**INSTRUCTIONS FOR THE TASK**
In the listing that follows, locate the line containing "CZD Autoparts For" and the line containing "Descriere Calculată 1: Root, Vanity". Retype exactly those two lines and every line between them, and nothing more.
○ ○ ○ ○ ○ ○ ○
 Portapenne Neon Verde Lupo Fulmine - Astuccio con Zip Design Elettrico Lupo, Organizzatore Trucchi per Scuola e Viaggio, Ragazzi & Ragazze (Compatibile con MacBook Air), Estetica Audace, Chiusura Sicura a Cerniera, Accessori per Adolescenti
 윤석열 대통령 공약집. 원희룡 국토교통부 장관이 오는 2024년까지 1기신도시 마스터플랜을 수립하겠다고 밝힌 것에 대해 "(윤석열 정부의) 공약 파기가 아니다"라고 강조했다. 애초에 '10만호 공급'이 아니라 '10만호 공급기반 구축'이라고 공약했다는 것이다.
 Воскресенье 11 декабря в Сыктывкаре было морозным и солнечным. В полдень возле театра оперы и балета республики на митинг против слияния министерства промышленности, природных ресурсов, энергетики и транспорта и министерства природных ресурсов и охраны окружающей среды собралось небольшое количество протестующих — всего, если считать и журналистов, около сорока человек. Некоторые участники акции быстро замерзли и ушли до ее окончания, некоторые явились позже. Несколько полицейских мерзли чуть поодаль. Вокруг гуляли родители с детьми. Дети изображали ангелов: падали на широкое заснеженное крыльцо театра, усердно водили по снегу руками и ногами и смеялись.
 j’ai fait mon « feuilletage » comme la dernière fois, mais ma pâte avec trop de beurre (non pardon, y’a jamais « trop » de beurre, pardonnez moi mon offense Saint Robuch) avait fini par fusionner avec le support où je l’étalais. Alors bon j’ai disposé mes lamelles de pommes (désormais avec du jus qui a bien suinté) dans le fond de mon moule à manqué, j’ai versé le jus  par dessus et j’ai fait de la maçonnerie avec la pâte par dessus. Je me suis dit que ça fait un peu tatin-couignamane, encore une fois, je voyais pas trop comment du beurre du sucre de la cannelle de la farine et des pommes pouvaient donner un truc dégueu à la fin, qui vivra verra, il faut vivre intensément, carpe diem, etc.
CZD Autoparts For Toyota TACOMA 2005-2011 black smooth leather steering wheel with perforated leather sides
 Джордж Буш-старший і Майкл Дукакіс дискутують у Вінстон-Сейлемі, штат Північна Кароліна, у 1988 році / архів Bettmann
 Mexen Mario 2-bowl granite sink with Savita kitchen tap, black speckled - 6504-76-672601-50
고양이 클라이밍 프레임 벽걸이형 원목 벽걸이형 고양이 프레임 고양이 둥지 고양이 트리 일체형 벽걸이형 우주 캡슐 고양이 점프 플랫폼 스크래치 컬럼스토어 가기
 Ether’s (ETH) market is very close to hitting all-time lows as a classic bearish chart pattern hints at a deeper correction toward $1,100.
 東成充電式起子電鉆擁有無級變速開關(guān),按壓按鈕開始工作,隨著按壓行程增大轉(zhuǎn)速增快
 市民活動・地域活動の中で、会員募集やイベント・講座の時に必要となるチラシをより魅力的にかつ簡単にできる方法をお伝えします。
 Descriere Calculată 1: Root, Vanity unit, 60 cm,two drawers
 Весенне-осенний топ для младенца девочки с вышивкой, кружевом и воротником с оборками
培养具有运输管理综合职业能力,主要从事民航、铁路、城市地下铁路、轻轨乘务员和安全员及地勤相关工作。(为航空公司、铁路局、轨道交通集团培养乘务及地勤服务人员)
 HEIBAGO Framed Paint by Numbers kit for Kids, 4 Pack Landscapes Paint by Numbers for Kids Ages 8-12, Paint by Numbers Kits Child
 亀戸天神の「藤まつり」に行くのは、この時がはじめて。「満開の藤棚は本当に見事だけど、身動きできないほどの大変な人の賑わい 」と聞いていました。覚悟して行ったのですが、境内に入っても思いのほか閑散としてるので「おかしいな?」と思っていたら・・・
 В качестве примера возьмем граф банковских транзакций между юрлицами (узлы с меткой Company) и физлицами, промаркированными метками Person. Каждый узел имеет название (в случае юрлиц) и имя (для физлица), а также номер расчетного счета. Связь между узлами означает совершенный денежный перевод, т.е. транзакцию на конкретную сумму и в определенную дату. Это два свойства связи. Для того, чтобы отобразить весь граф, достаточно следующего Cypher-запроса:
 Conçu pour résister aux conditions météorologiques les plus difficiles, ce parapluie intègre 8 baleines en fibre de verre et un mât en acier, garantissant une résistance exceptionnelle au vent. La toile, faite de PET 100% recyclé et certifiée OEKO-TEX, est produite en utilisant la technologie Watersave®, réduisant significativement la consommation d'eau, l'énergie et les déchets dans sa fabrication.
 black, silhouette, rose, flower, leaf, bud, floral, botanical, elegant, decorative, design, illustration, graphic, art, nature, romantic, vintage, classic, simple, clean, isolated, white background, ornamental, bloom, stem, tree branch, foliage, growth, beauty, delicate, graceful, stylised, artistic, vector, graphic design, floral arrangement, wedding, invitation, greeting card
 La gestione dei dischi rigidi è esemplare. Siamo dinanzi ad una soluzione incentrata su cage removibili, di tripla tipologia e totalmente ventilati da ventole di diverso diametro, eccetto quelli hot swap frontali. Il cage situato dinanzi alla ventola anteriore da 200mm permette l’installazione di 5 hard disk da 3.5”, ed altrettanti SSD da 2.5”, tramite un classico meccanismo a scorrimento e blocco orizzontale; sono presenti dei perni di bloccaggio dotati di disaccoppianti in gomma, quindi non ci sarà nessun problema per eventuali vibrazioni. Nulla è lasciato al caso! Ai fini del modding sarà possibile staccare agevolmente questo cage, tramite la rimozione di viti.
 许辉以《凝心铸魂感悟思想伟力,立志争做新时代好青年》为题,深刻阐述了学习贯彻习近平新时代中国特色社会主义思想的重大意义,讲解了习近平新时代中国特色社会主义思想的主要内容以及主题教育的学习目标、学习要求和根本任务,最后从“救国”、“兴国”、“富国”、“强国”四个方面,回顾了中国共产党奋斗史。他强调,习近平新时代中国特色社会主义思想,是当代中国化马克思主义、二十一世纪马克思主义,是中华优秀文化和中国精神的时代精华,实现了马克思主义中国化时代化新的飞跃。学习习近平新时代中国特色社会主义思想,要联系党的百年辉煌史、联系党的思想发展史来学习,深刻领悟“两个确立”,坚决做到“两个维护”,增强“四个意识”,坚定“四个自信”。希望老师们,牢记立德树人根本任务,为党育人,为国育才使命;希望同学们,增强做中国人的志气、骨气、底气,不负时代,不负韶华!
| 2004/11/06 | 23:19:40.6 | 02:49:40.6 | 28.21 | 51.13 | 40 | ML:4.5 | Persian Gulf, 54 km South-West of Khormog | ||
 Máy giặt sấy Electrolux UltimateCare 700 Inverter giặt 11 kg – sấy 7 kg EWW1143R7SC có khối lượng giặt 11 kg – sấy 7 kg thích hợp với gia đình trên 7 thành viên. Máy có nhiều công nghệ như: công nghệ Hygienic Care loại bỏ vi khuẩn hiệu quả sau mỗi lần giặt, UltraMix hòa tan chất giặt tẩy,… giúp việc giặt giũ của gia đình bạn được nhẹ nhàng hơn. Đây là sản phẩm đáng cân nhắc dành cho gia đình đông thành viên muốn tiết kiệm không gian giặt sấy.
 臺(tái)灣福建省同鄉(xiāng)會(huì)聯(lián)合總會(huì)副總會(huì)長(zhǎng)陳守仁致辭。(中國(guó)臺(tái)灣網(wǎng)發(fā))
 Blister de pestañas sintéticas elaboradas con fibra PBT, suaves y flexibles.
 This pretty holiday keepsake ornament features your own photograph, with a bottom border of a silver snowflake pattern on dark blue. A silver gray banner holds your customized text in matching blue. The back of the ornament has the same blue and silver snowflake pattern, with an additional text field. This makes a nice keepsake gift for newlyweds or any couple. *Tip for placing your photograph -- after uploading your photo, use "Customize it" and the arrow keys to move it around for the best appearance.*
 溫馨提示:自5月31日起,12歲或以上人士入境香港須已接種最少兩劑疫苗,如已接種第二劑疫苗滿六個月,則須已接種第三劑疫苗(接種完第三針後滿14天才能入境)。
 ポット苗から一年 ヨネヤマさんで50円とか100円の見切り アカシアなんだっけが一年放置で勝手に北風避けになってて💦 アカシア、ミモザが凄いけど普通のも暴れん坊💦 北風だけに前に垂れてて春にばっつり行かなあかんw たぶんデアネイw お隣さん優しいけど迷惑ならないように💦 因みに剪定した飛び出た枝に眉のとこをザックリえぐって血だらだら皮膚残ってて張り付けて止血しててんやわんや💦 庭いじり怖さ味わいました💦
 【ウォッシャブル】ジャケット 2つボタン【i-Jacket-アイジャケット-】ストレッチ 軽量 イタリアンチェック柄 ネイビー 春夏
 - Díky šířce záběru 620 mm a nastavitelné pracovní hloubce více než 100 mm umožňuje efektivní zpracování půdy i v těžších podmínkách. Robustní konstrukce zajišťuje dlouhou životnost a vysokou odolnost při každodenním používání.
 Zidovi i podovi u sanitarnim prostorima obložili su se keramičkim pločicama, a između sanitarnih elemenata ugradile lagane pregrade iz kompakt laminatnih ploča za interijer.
○ ○ ○ ○ ○ ○ ○
**SOLUTION FOR THIS PROBLEM**
CZD Autoparts For Toyota TACOMA 2005-2011 black smooth leather steering wheel with perforated leather sides
 Джордж Буш-старший і Майкл Дукакіс дискутують у Вінстон-Сейлемі, штат Північна Кароліна, у 1988 році / архів Bettmann
 Mexen Mario 2-bowl granite sink with Savita kitchen tap, black speckled - 6504-76-672601-50
고양이 클라이밍 프레임 벽걸이형 원목 벽걸이형 고양이 프레임 고양이 둥지 고양이 트리 일체형 벽걸이형 우주 캡슐 고양이 점프 플랫폼 스크래치 컬럼스토어 가기
 Ether’s (ETH) market is very close to hitting all-time lows as a classic bearish chart pattern hints at a deeper correction toward $1,100.
 東成充電式起子電鉆擁有無級變速開關(guān),按壓按鈕開始工作,隨著按壓行程增大轉(zhuǎn)速增快
 市民活動・地域活動の中で、会員募集やイベント・講座の時に必要となるチラシをより魅力的にかつ簡単にできる方法をお伝えします。
 Descriere Calculată 1: Root, Vanity unit, 60 cm,two drawers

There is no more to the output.